Low HCT and HGB levels are associated with anemia (Kals et al., 2016). In the present study, adding Fe-Gly to the diet of sows significantly increased RBC, HGB concentrations and HTC of newborn piglets, this finding is in agreement with the results of previous studies (Peters and Mahan, 2008, Wang et al., 2014). The only exception was the high-dose groups (110 and 140 mg/kg). This finding may be explained by the homeostatic iron regulation mechanisms that organisms have evolved, which include complex homeostatic circuits and specialized molecules to regulate iron levels (Yu et al., 2000). The HGB concentration of piglets can be increased by both providing high-dose iron supplementation to pregnant sows, which increases fetal iron stores, and increasing the iron level of diets fed to sows during lactation, which increases the iron content of the milk. In addition, piglets may acquire iron from consuming sow feces (Brady et al., 1978). A HGB concentration of 100 g/L indicates an adequate iron content in an organism; 80 g/L is considered the borderline of anemia edge; and 60 g/L indicates severe anemia (McDowell, 1992). When the Fe-Gly dosage in experimental diets was 110 mg/kg, the HGB of the newborn piglets exceeded 100 g/L in the present study, which indicated an adequate HGB concentration.

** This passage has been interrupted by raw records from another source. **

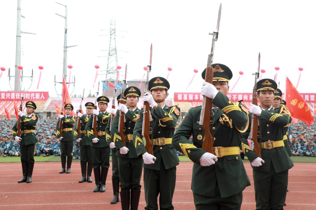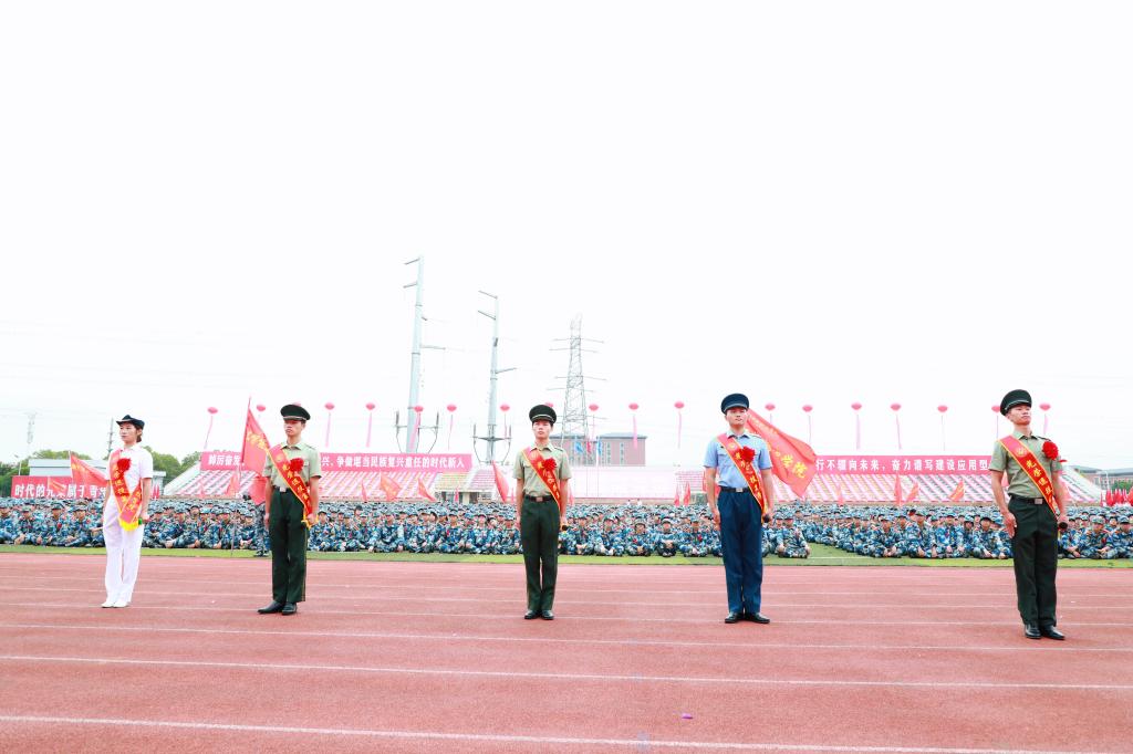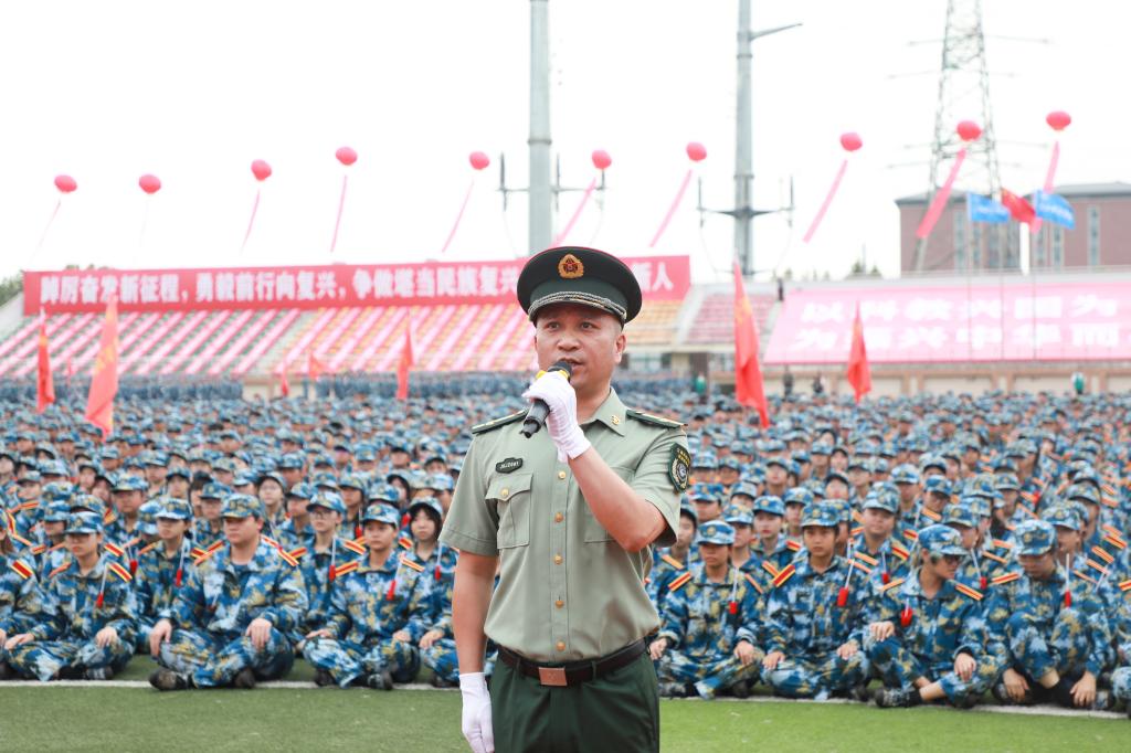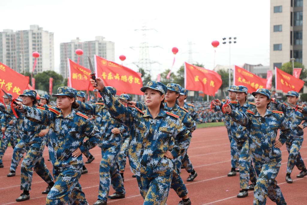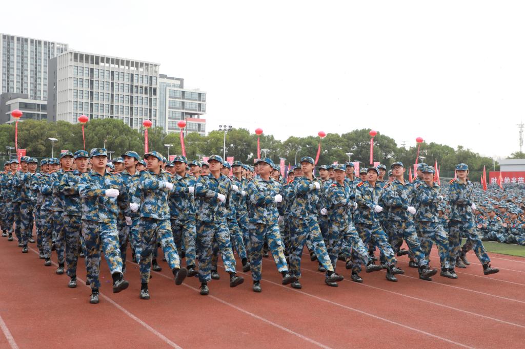 8时08分,礼炮齐鸣,现场全体师生肃立面向冉冉升起的五星红旗,高声齐唱国歌。升国旗仪式毕,2025级新生军训连队分列式正式开始。伴随着《分列式进行曲》,各新生代表方阵队依次迈着铿锵步伐通过主席台,摆臂如波浪整齐,落脚似惊雷震撼。他们眼神坚定如炬,脸庞虽带着青涩,却已透着军人般的刚毅,向学校和老师交出了最动人的成长答卷。分列式后,《芳华绝代,迷彩群英》《国旗下的荣耀》等军训成果汇报接续上演,一招一式刚劲有力,尽显新生们的蜕变与锋芒。
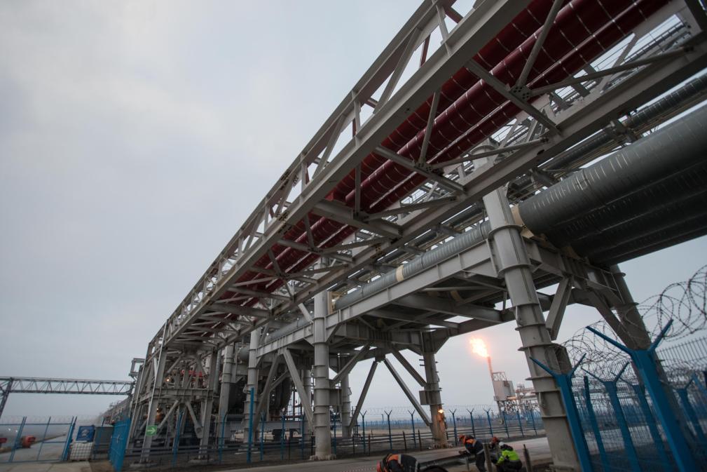 这是2018年8月8日在俄罗斯萨别塔拍摄的中俄亚马尔项目第二条生产线。(新华社记者吴壮摄)
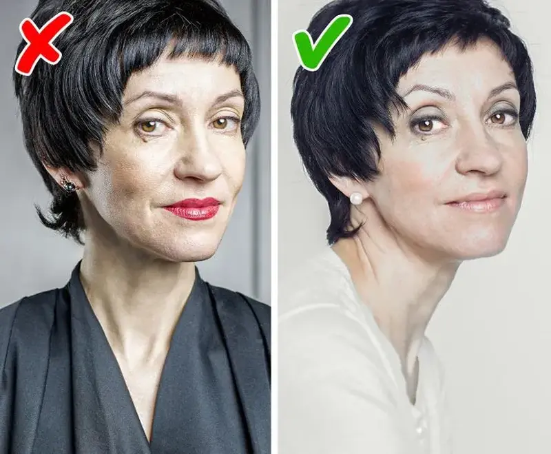 Một số người cố gắng che đậy dấu vết tuổi tác bằng một chiếc cao cổ. Tuy nhiên, thực tế cho thấy rằng áo với đường viền cổ mở và rộng rãi lại giúp bạn trông tươi trẻ và quyến rũ hơn. Hãy thử mang áo len, áo khoác hoặc váy liền có cổ chữ V.
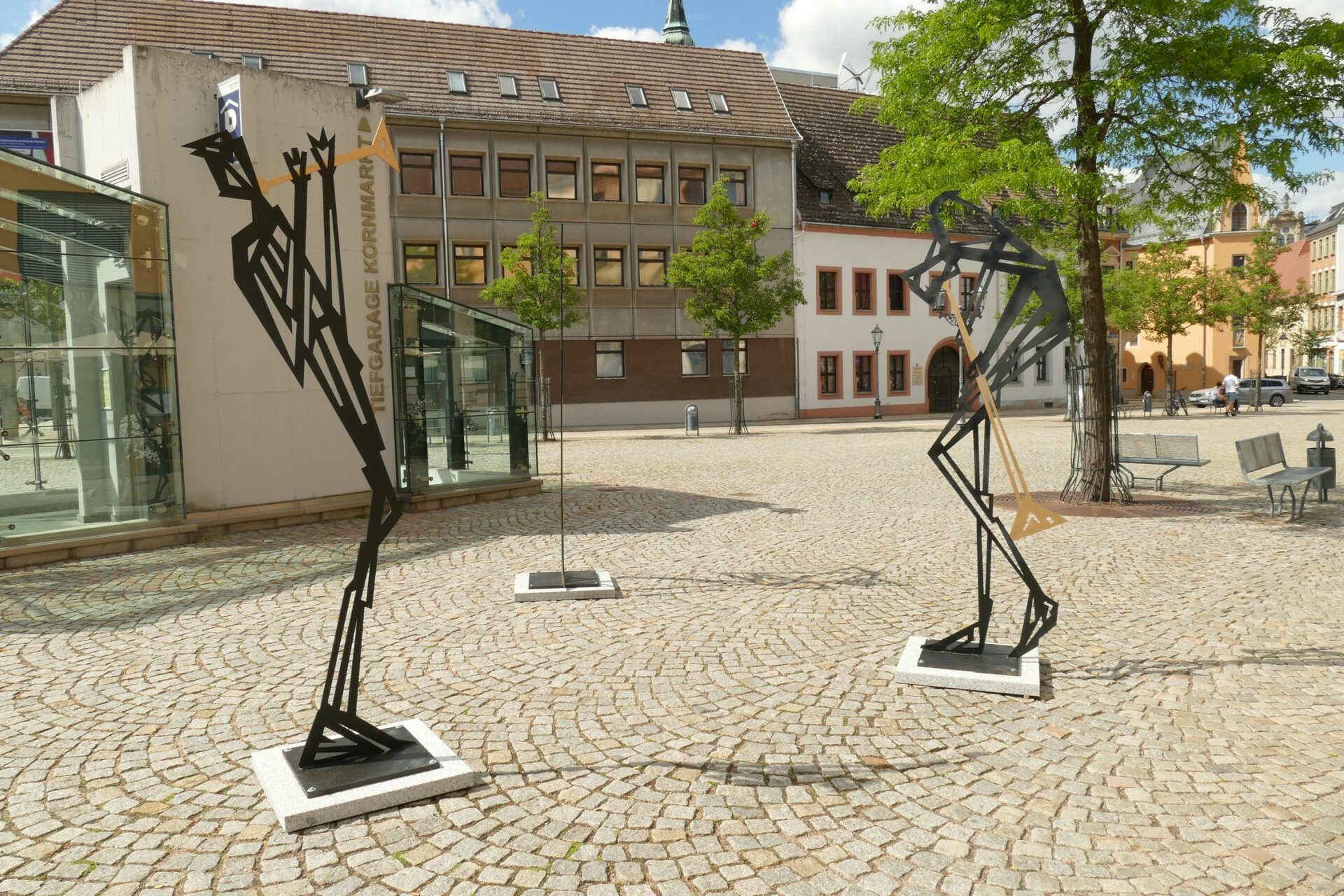 Zum dritten Mal in Folge hat sich in diesem Sommer der Kornmarkt in eine Outdoor-Galerie verwandelt. Hotelchefin Anett Strobel hat erneut den aus dem Landkreis Zwickau stammenden Künstler Tilmann Röhner für das Projekt gewinnen können. Vor zwei Jahren sorgte er bereits mitten in der Pandemie mit seinen goldenen Wellen für einen Hauch von Urlaubstimmung. Dieses Jahr können Kunstfreunde bis 12. August neben den drei großen Skulpturen noch weitere acht kleinere Musiker-Figuren im Foyer und im Frühstücksraum des Hotels besichtigen. Das Projekt wird unterstützt vom Büro für Wirtschaftsförderung und soll einen Beitrag zur Belebung des Kornmarktes leisten.
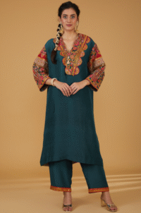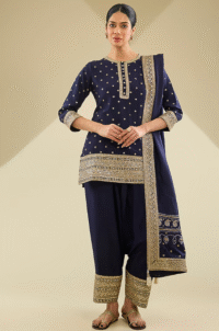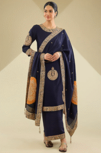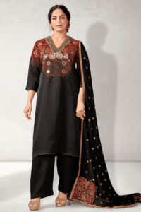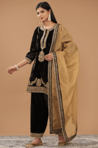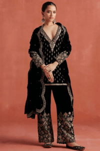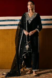 Black Silk Velvet Kiran Dori Embroidered Kurta Set
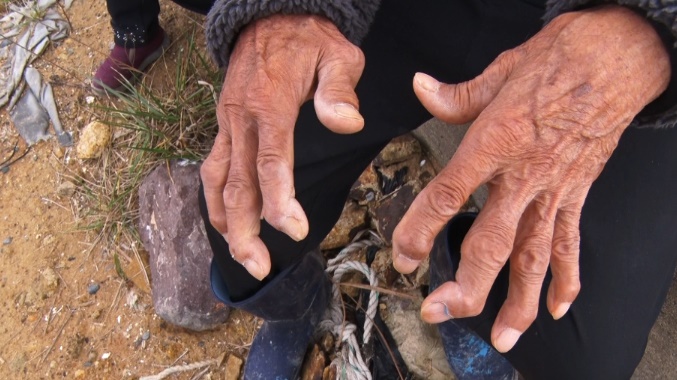 그러는 사이 행순 할아버지의 손가락을 비틀거리고 굽어졌고 너덜너덜해진 복근 탓에 허리는 펴기조차 어려운 상태가 되었습니다. 맨손으로 제방을 쌓아 올려 재기에 성공했지만 휘고 굽은 손가락은 아픈 훈장으로 남았습니다.
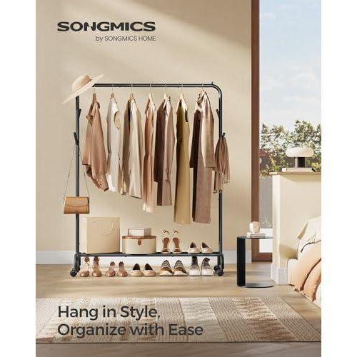 Alt kısımda bulunan raf, ayakkabı veya depolama kutuları için ideal bir alan sağlar. Dört yönlü tekerlekler sayesinde kolayca hareket ettirilebilir. İki tekerlek sabitlenebilir, böylece gerektiğinde askılığın yerinde durması sağlanır.

Biochemical indices of piglet serum

Ferritin, SI, and TIBC are important biochemical indicators that reflect the iron status of piglets (Gottschalk et al., 2000, Ferreira da Silva et al., 2004, Zhang et al., 2017). The major iron storage protein is Fn, which decreases in animals with anemia (Bradley et al., 2004). Serum iron, the iron combined with transferrin in serum, has been used for qualitative measurement of bioavailability of iron supplements (Ferreira da Silva et al., 2004). Total iron binding capacity is the maximum amount of iron that transferrin may combine with in 100 mL of serum, a value that increases with anemia (Smith et al., 1984). When Fe-Gly was added to the diets of sows, piglet serum Fn and SI increased significantly and TIBC decreased significantly. However, the beneficial effects of supplementation with FeSO4·H2O were not significant. Spruill et al. (1971) reported that feeding high iron diets during gestation could increase SI, and Yu et al. (2000) found that iron from an amino acid complex could increase SI in the blood. Both of these findings are in agreement with the results of the present study, and can be explained by the fact that inorganic iron is absorbed when its post-coenzyme combines with amino acid or other substances to form chelate salts. Amino acids chelated iron, which is the main form of iron absorbed by the body can be taken up directly, thereby avoiding competition with other minerals (Close, 1999). Therefore, amino acids chelated iron has a higher biological value. The present study also found that serum Fn, SI and TIBC of piglets varied linearly as the amount of Fe-Gly supplementation changed, but the differences between the 110 and 140 mg/kg groups were not significant. This finding may be explained by the fact that the absorption of iron in the body is adjusted according to the demands of the body (Morgan and Oates, 2002). The sample size was small in the present study, though. Therefore, further studies are needed to confirm the current results.

Conclusion

According to the HGB concentration of piglets, and taking relative organ weight, tissue iron contents and blood biochemical indices into consideration, the appropriate dosage of Fe-Gly in the diet of sows was 110 mg/kg in the present study. However, when FeSO4·H2O was supplemented at 140 mg/kg, the HGB concentration of piglets could not be higher than 100 g/L. Further studies are needed to determine the appropriate amount of FeSO4·H2O in the diet of sows that could meet the iron nutritional requirements of neonatal piglets. As iron anemia is a common and detrimental problem for piglets, these findings can be used for improving management practices in the swine industry.

Conflicts of interest

The authors declare that there are no competing financial interests in the work described.